Dal 20 al 28 Giugno, nell’ambito del Programma Falcone-Borsellino avrà luogo presso la sede dell’Organizzazione Internazionale Italo-Latino Americana (IILA) il corso di alta formazione “Novas perspectivas sobre a luta contra o crime organizado no contexto europeu e latino-americano”Il corso è stato promosso dalla Escola Nacional de Formação e Aperfeiçoamento de Magistrados (ENFAM)  e dalla Escola Superior do Ministério Público da União (ESMPU) e, attraverso l’Ambasciata del Brasile in Italia, è stata presentata all’IILA la richiesta di gestione dell’evento.

L’attività in questione rappresenta la prima, rilevantissima partecipazione brasiliana ad una iniziativa IILA di formazione in ambito giuridico, coinvolgendo 18 giudici federali e 17 membri della Procura Federale del Brasile.

Il corso,  che ha ad oggetto un’analisi comparativa tra la legislazione italiana e brasiliana in materia di contrasto al crimine organizzato e alla corruzione, si inserisce perfettamente tra le finalità del Programma Falcone-Borsellino e ne consolida la metodologia che si struttura intorno a quattro componenti specifiche, tra cui quella della formazione professionale, la cosiddetta Capacity Building.
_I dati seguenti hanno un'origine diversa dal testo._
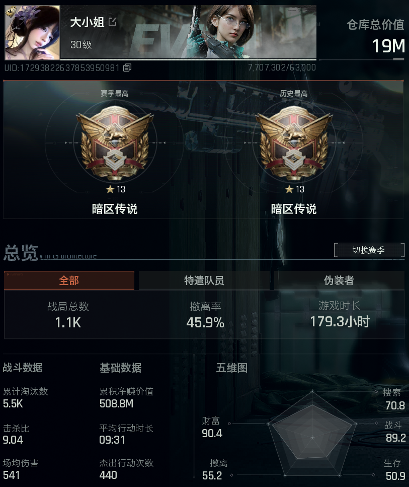【科恩币:1521W】☀艾薇塔+蝴蝶刀☀⭐3*3⭐19M⭐租前看描述⭐超多枪皮⭐机场猛攻
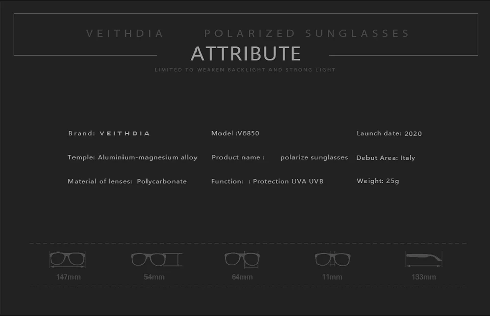 Мужские солнцезащитные очки VEITHDIA, алюминиевые модные фотохромные спортивные поляризационные очки с линзами UV400, мужские солнцезащитные очки для женщин, V6850

Merita inoltre sottolineare che l’evento rappresenta anche un’occasione di scambio di esperienze e di best practices tra i magistrati italiani e brasiliani in materia di contrasto al crimine organizzato e alla corruzione.

Le lezioni frontali coinvolgono le più autorevoli figure di expertise italiana del Programma Falcone-Borsellino, tra cui Barbara Sargenti, Francesco Menditto,  Henry John Woodcock, il Coordinatore esecutivo del Programma, Nicola Russo, Marco Del Gaudio,  Michele Fini, Paolo Ielo,  Raffaele Cantone e Roberto Tartaglia.

A coronamento dell’evento,  durante il giorno di chiusura, il 28 giugno, è inoltre prevista la partecipazione di Vladimiro Zagrebelskygià  giudice della Corte europea dei diritti dell’uomo dal 2001 al 2010.